Over 100 disorders fall under the category of rheumatic diseases, which are a group of autoimmune and/or inflammatory conditions that can harm organs, joints, muscles, and bones. In the US, rheumatism ranks higher than heart disease, diabetes, and cancer as the leading cause of disability among people (5, 6). Rheumatic diseases are conditions that lead to tissue damage within the body due to immune dysfunction, frequently affecting multiple organs and systems (7). Among these, the heart stands out as a frequent target organ for autoimmune diseases. The comprehensive structure of the heart may become implicated, giving rise to disturbances in microcirculation, myocardial fibrosis, and compromised valve function (8–10). However, it is noteworthy that arrhythmias, despite being a prevalent cardiac condition, have been relatively overlooked within the realm of rheumatology.

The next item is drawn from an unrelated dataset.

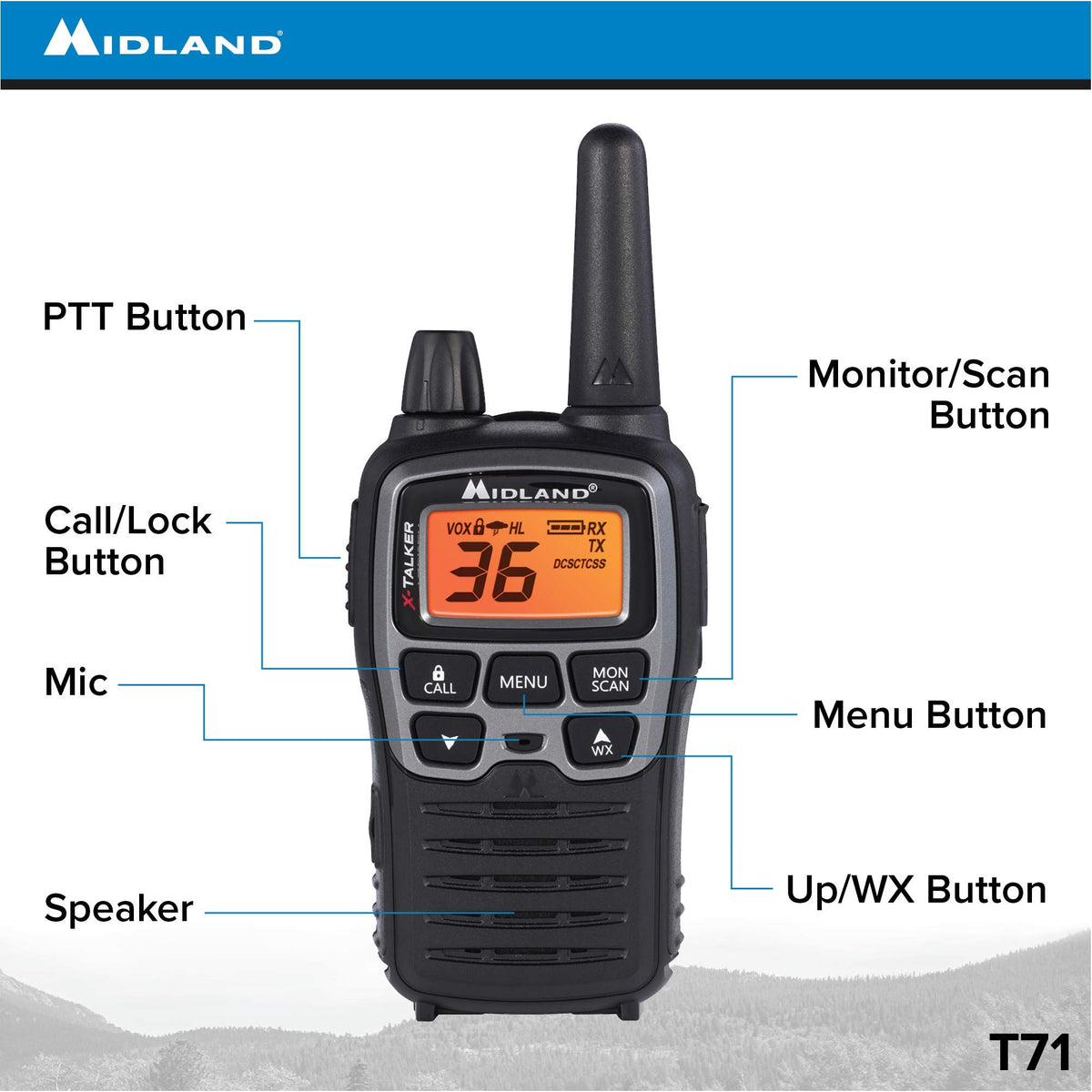 The Midland T71Vp3 X-Talker Walkie Talkie Is A Water Resistant Radio That Provides Clear Point-To-Point Communication, Reception, Transmission, And Sound Quality. Connection To Other Frs/Gmrs Two Way Radios Is Limitless As Long As You Connect To The Same Channels/Frequencies. The T71Vp3 Features 121 Privacy Codes, 9 Levels Of Evox - Hands-Free Operation, A 38 Mile Communication Range, And 36 Scannable Channels (14 Extra Channels) With Easy Button Access. Unlike Other Frs Walkie Talkies On The Market That Use Lithium Batteries, The T71Vp3 X-Talker Has Dual Power Options - Use 1000Mah Rechargeable Batteries (X2) Or 3 �Aa� Alkaline Batteries Each (Not Included). The Rechargeable Battery Packs Take 4-5 Hours To Charge. The Weather Scan Feature Finds The Nearest Noaa Broadcast To Stay Up To Date With The Latest Weather And Hazard Information And The Noaa Weather Alert Feature Sounds An Alarm Indicating When Severe Weather Could Be Present In Your Area. The T71Vp3 X-Talker Provides An Easy-To-Use, License-Free, And Low Cost Yet Reliable Solution To Long-Range Communication For Any Outdoor Enthusiast.

Several earlier studies have demonstrated that risk factors for arrhythmia, such as smoking, diabetes, hypertension, and dyslipidemia, increase the likelihood of developing arrhythmia (11). Addressing these risk factors can help doctors implement novel therapies, reduce the financial burden on patients, and decrease the incidence of arrhythmias (12). Some research suggests a connection between arrhythmias and rheumatic disorders, although the exact mechanism—possibly involving inflammation and autoimmunity—remains unclear (13–15). Li et al. introduced the concept of the “gut-immune-heart” axis, linking gut flora to atrial fibrillation (16). Several omics studies have demonstrated both direct and indirect causal links between gut microbiota and atrial fibrillation. Over time, numerous studies have explored the causal relationship between rheumatic disorders and cardiovascular diseases (17). A meta-analysis revealed that patients with rheumatoid arthritis (RA) may be more susceptible to atrial fibrillation (18). Previous case-control studies have shown that gout sufferers have a higher incidence of arrhythmia (19). Similarly, hyperuricemia in AF patients has been independently associated with an increased risk of hospitalization for heart failure and all-cause mortality (20). In summary, there is a potential correlation between rheumatic diseases and arrhythmias, and this paper aims to determine whether a causal relationship exists between the two through rigorous scientific methods.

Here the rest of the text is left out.